> _EXERCISE BRIEF_
Line by line, repeat the material below exactly and leave the images out.

> _DATA EXCERPT_
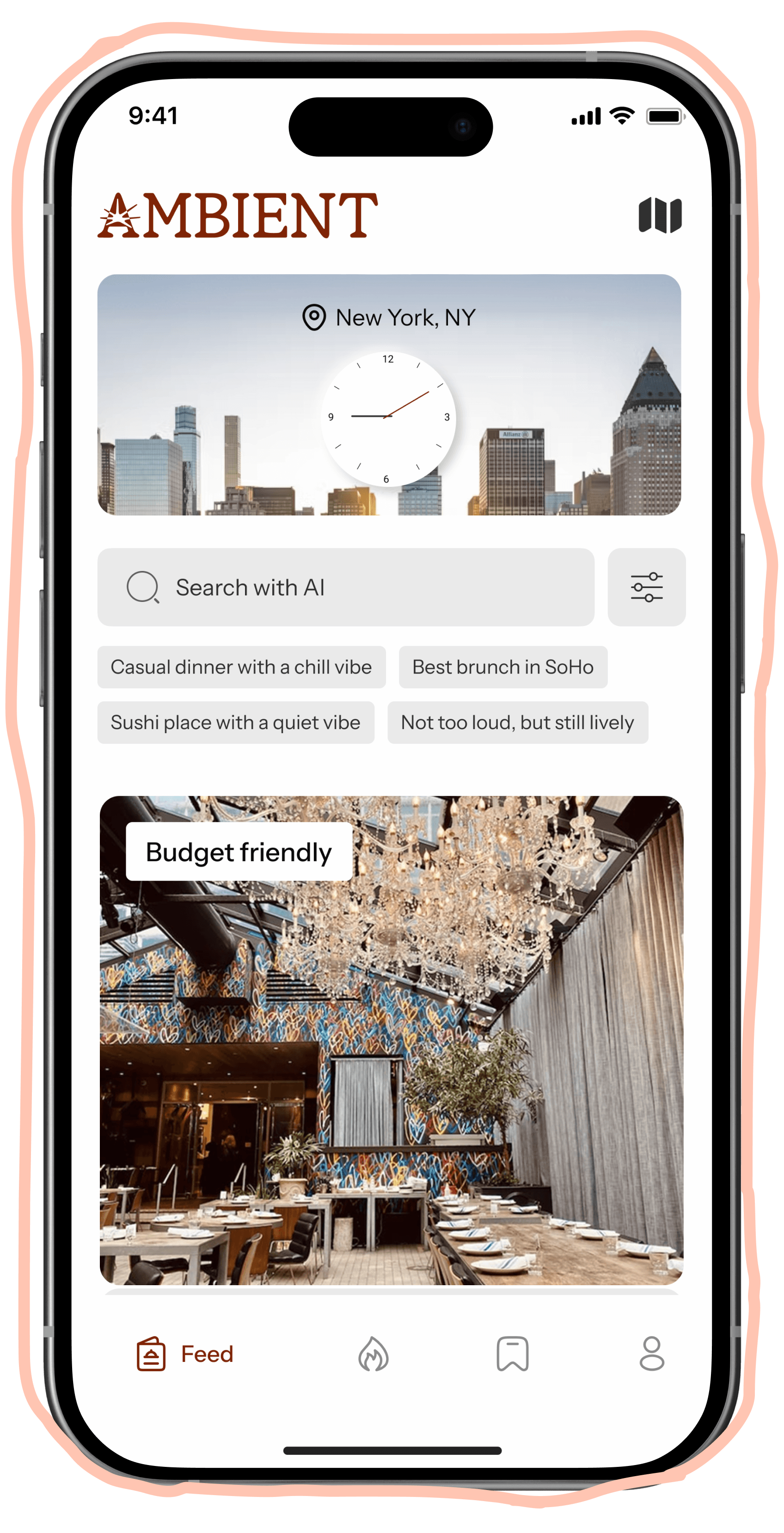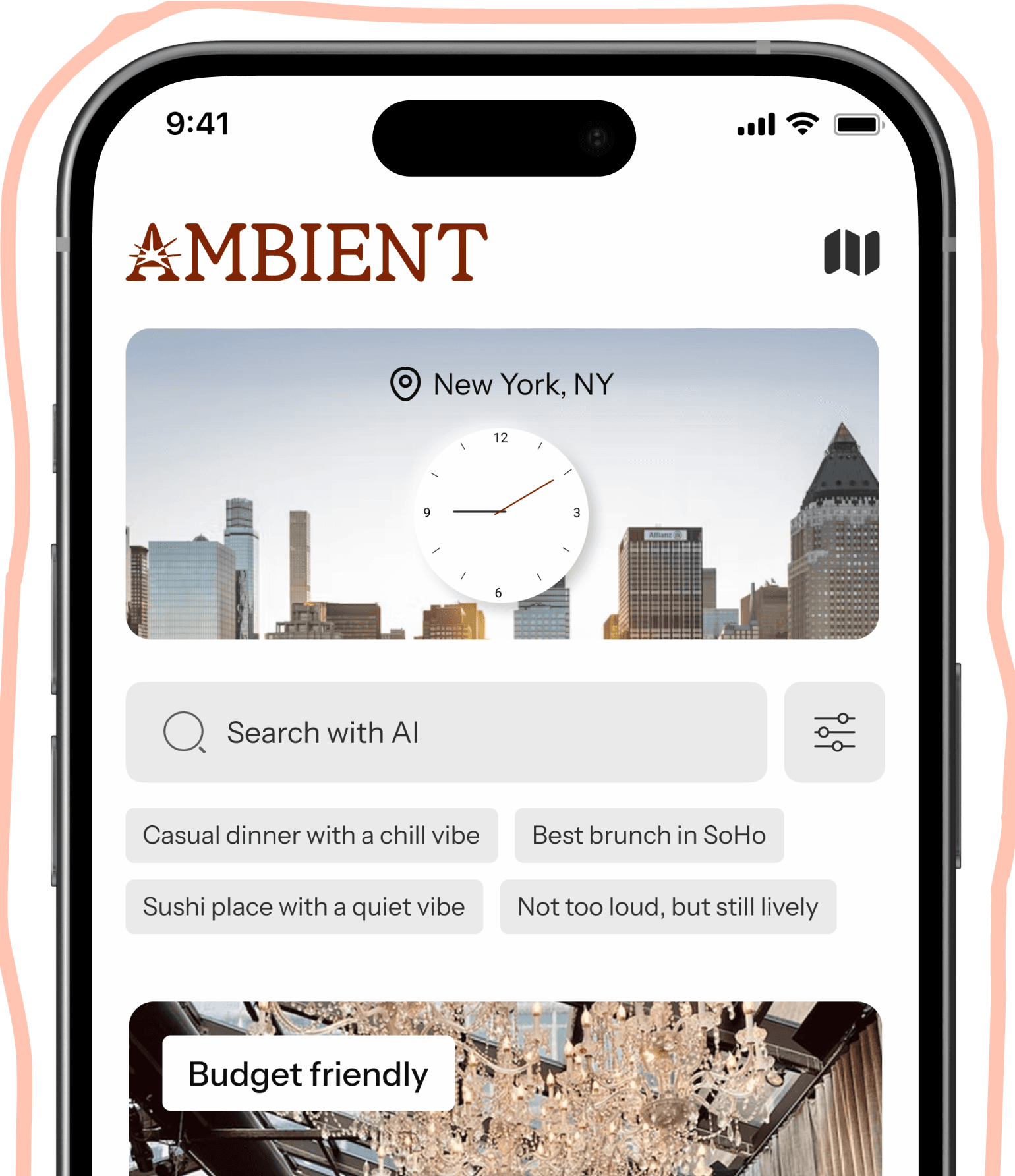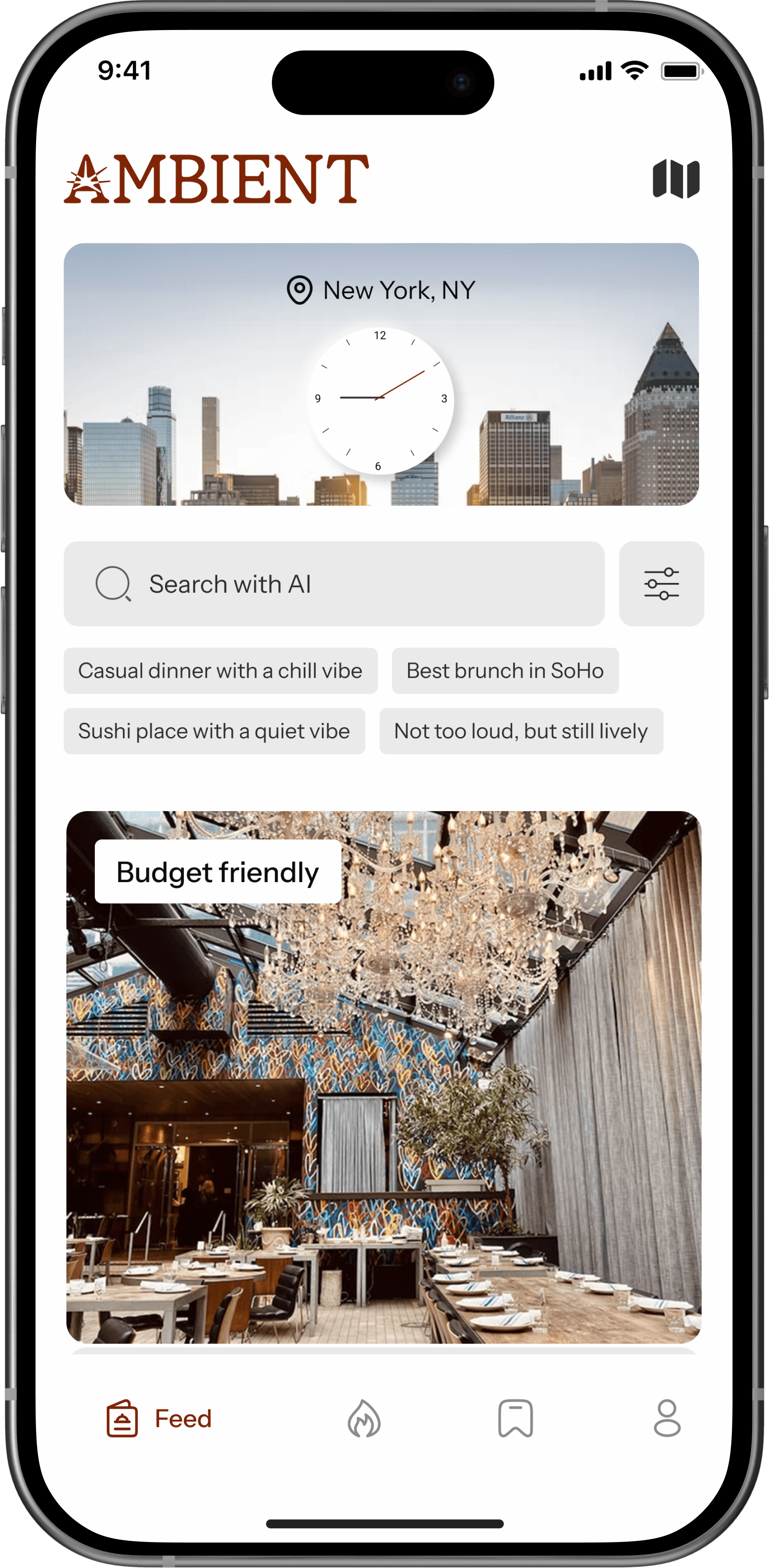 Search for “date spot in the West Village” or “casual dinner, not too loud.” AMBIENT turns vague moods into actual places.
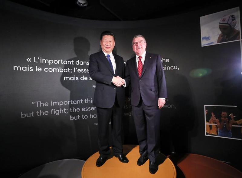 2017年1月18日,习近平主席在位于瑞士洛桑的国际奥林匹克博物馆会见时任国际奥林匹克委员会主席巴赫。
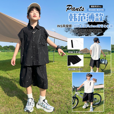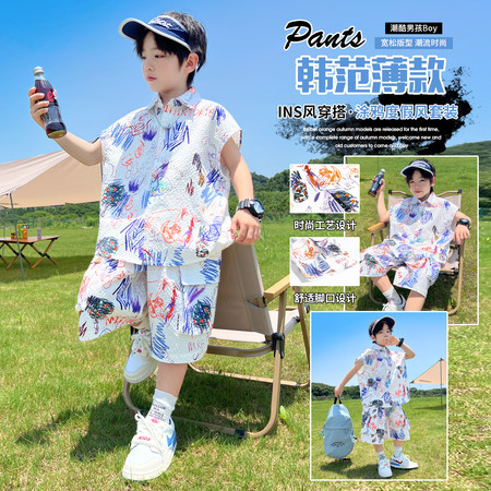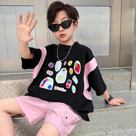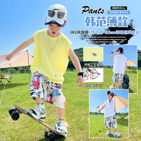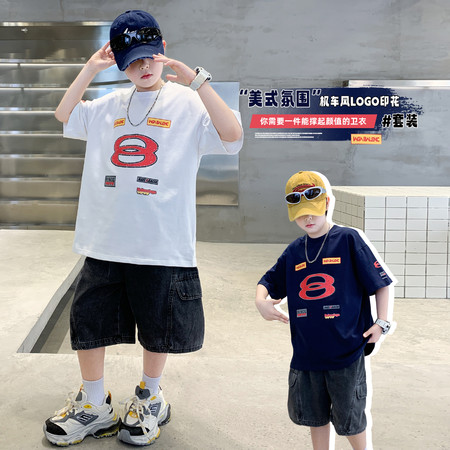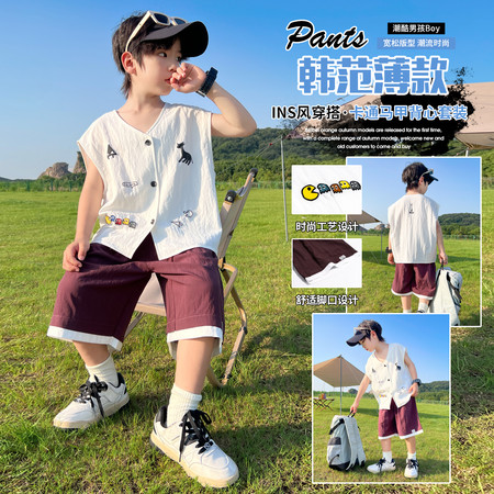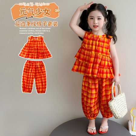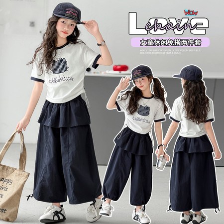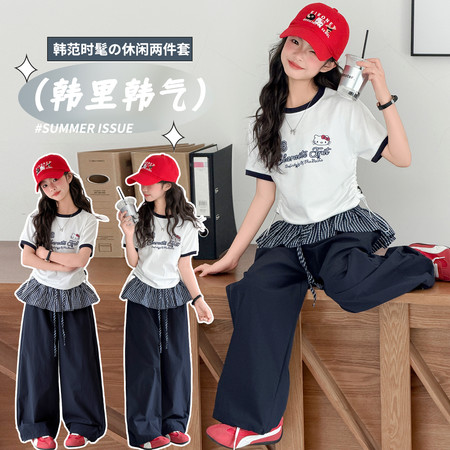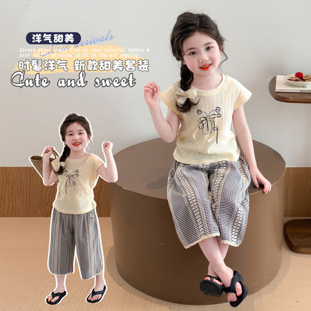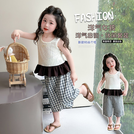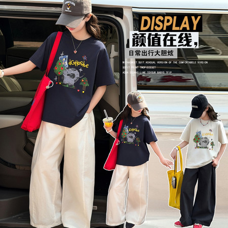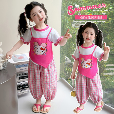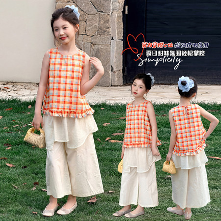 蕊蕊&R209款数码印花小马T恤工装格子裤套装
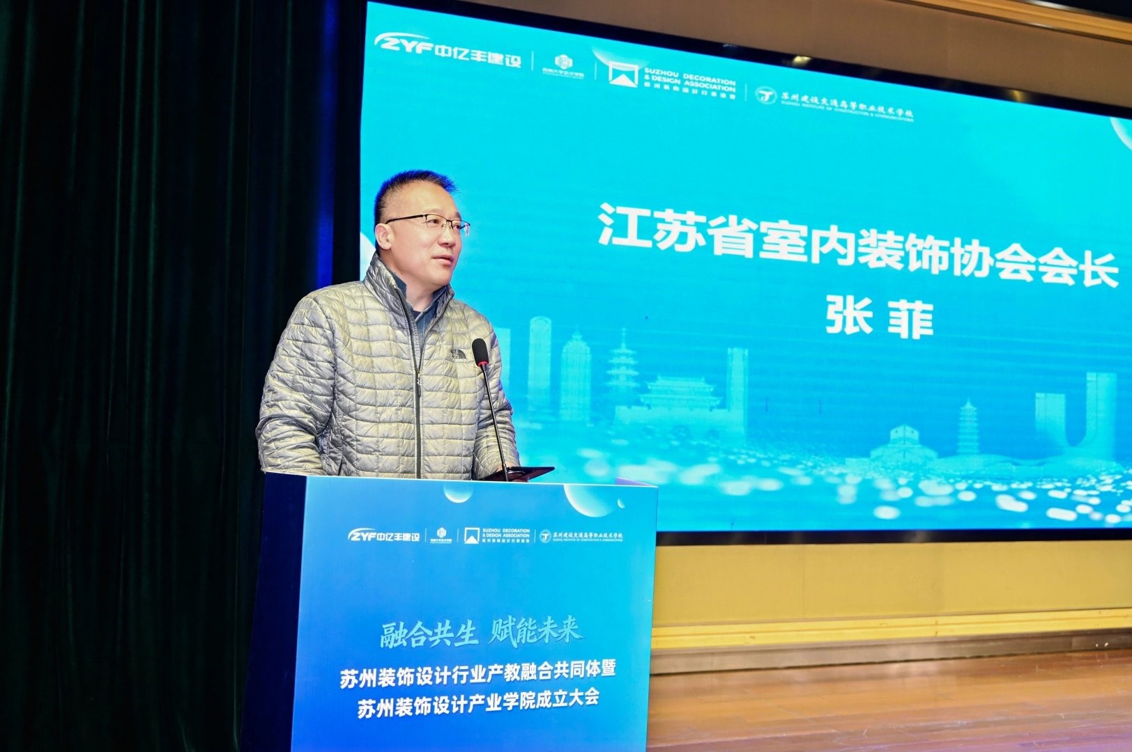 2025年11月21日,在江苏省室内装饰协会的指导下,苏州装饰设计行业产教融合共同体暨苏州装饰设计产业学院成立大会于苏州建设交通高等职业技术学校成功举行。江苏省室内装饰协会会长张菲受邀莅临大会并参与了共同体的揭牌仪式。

> _THE ANSWER_
 Search for “date spot in the West Village” or “casual dinner, not too loud.” AMBIENT turns vague moods into actual places.
 2017年1月18日,习近平主席在位于瑞士洛桑的国际奥林匹克博物馆会见时任国际奥林匹克委员会主席巴赫。
 蕊蕊&R209款数码印花小马T恤工装格子裤套装
 2025年11月21日,在江苏省室内装饰协会的指导下,苏州装饰设计行业产教融合共同体暨苏州装饰设计产业学院成立大会于苏州建设交通高等职业技术学校成功举行。江苏省室内装饰协会会长张菲受邀莅临大会并参与了共同体的揭牌仪式。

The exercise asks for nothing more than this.